> EXERCISE: Beginning at the line that contains "经过近两个月的精心筹备,12" and finishing at the line that contains "今日の多肉の寄せ鉢は、赤い小さなトラックの鉢にカジュアルな寄せ鉢。", output the data below exactly. Include both end lines and no pictures.
SUPPLIED INFORMATION section start
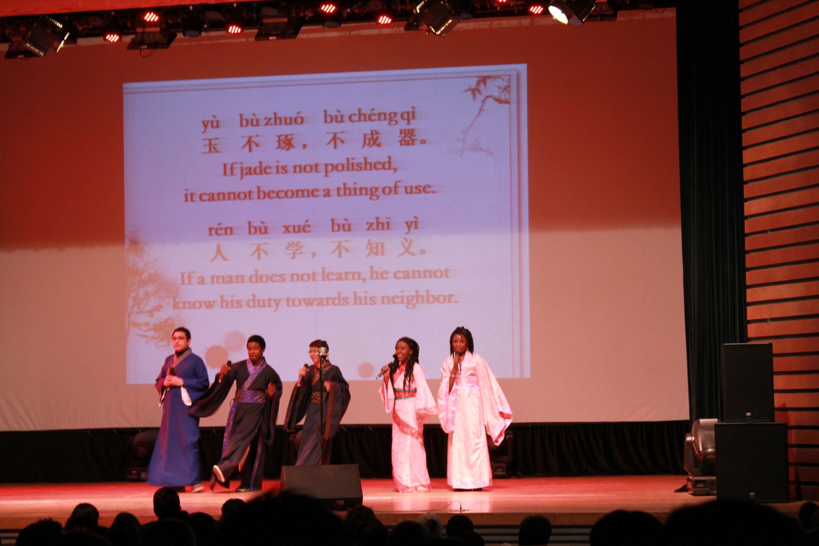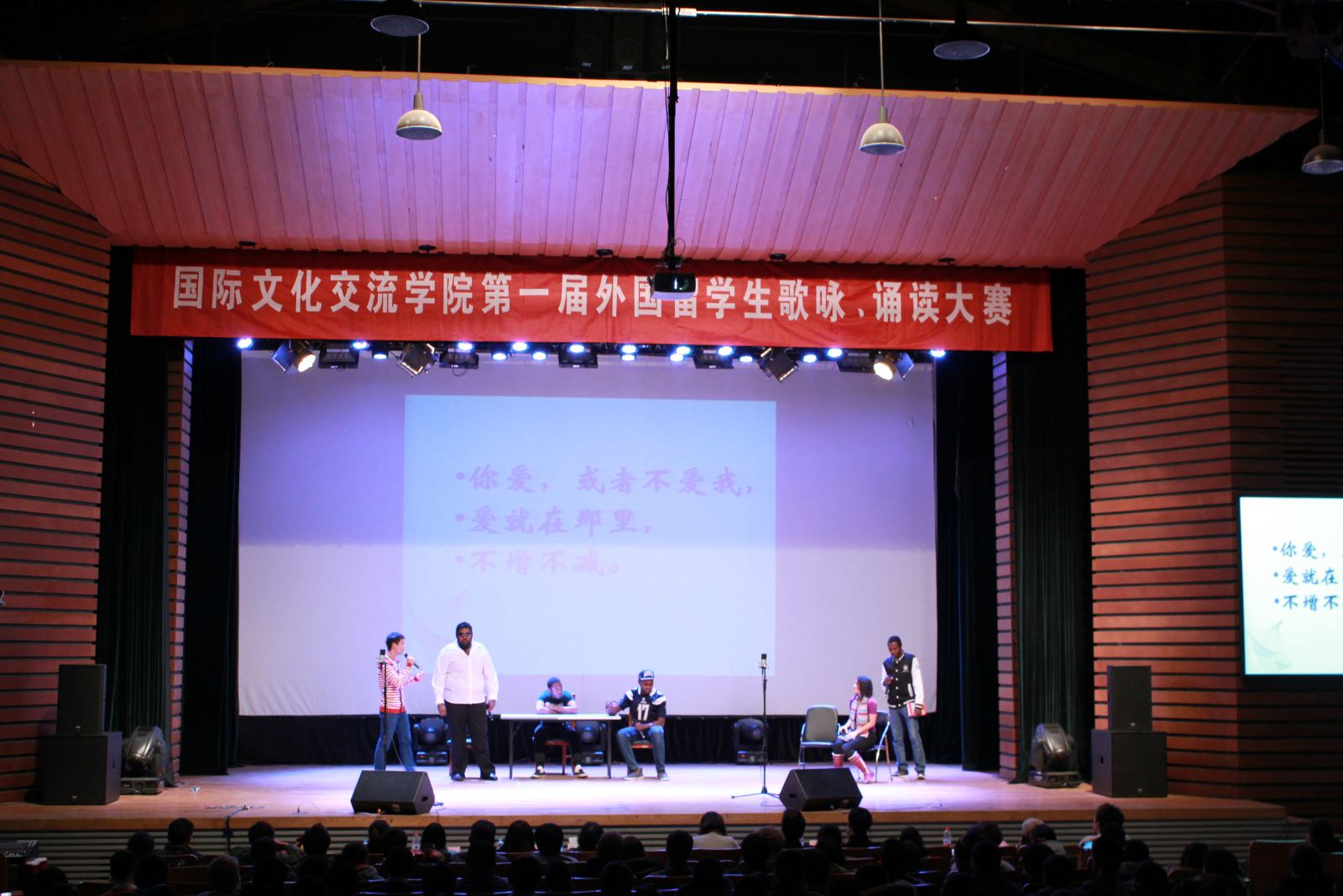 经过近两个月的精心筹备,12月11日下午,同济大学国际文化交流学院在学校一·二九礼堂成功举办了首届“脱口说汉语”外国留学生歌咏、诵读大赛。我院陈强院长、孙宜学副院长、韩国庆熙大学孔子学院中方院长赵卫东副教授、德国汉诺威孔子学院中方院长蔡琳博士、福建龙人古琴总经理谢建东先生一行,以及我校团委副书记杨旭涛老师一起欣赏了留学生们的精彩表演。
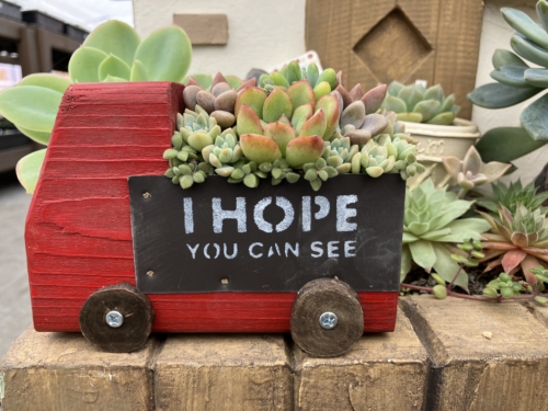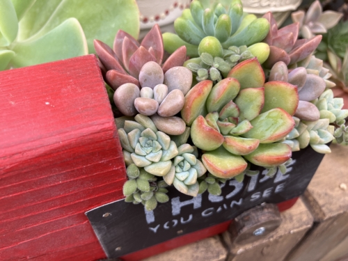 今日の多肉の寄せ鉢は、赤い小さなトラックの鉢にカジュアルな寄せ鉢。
SUPPLIED INFORMATION section end
SUPPLIED INFORMATION section start
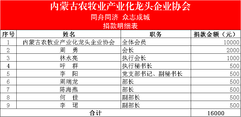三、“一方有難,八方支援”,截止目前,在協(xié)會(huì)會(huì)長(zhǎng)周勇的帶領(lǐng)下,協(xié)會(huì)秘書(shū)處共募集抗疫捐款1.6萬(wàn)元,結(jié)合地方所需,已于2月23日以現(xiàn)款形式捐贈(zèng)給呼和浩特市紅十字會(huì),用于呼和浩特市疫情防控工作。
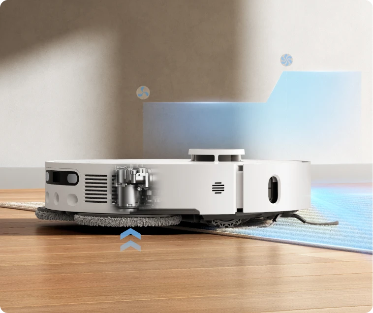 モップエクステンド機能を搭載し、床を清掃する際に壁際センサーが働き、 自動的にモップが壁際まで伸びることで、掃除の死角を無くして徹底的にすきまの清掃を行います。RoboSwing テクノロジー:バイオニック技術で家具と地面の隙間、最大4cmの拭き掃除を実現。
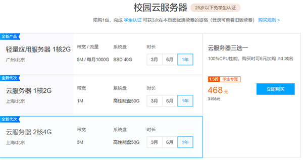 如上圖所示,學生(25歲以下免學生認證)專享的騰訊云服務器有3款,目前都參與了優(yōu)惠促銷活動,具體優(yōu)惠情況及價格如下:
SUPPLIED INFORMATION section end
SUPPLIED INFORMATION section start
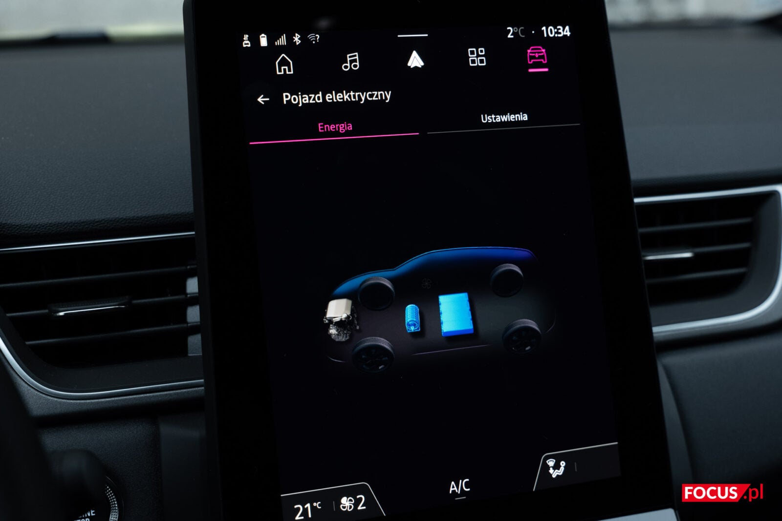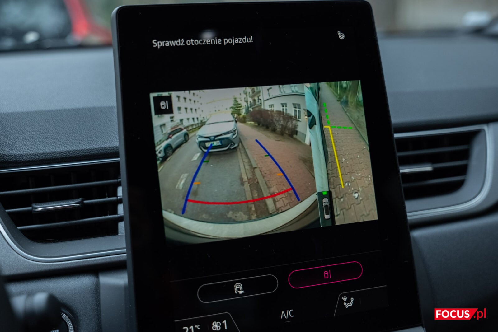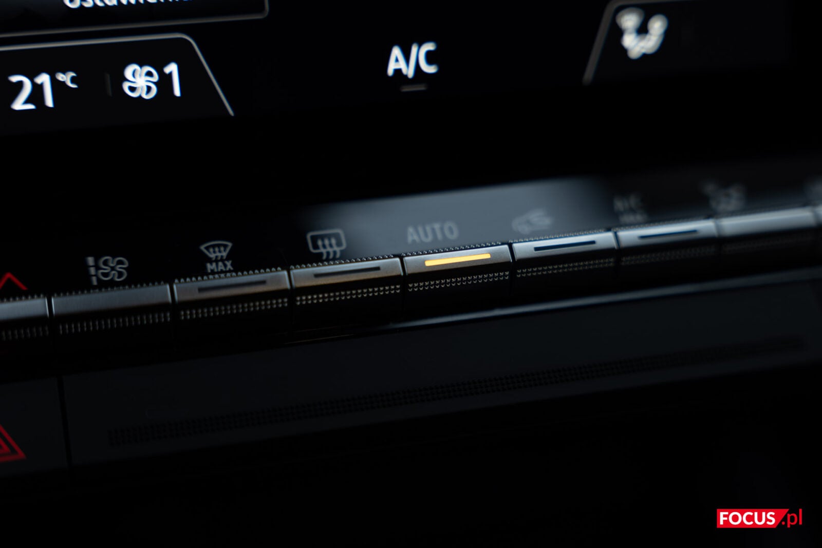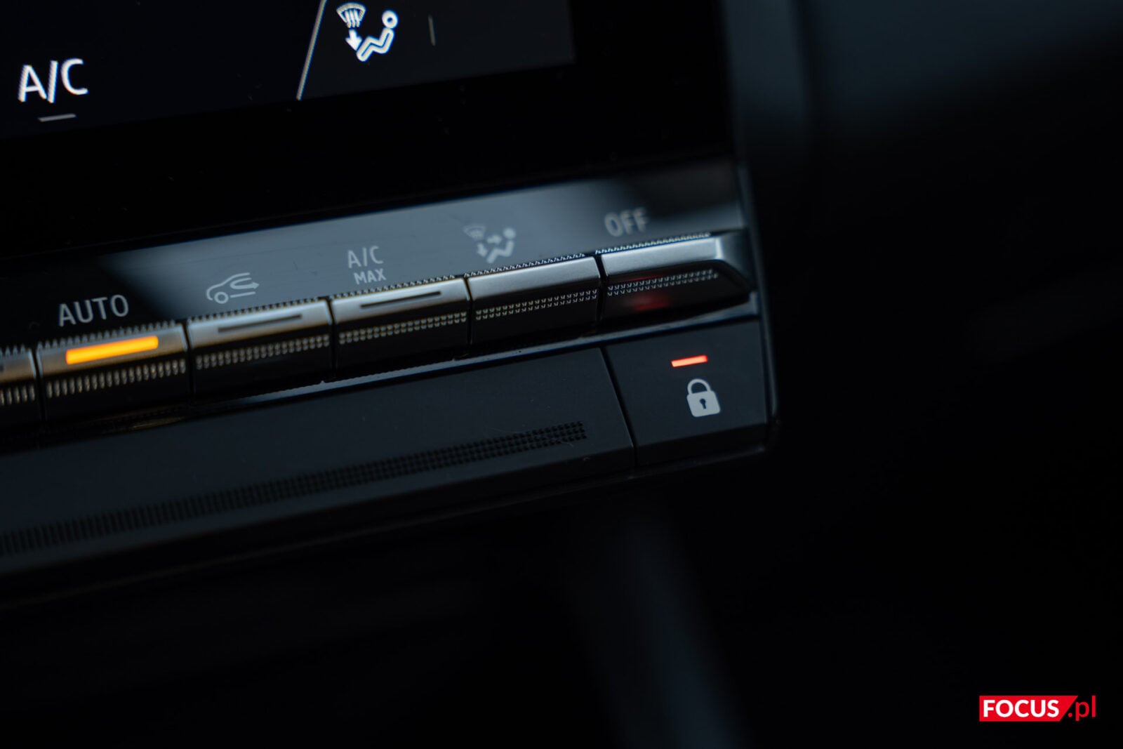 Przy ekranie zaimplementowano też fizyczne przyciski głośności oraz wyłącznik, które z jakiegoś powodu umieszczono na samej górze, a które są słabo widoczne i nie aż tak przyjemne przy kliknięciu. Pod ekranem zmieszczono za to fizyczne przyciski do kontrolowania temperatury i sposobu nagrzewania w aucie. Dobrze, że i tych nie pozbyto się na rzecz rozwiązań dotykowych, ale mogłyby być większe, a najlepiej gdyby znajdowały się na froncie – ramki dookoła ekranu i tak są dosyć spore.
SUPPLIED INFORMATION section end
> RESPONSE BELOW:
 经过近两个月的精心筹备,12月11日下午,同济大学国际文化交流学院在学校一·二九礼堂成功举办了首届“脱口说汉语”外国留学生歌咏、诵读大赛。我院陈强院长、孙宜学副院长、韩国庆熙大学孔子学院中方院长赵卫东副教授、德国汉诺威孔子学院中方院长蔡琳博士、福建龙人古琴总经理谢建东先生一行,以及我校团委副书记杨旭涛老师一起欣赏了留学生们的精彩表演。
 今日の多肉の寄せ鉢は、赤い小さなトラックの鉢にカジュアルな寄せ鉢。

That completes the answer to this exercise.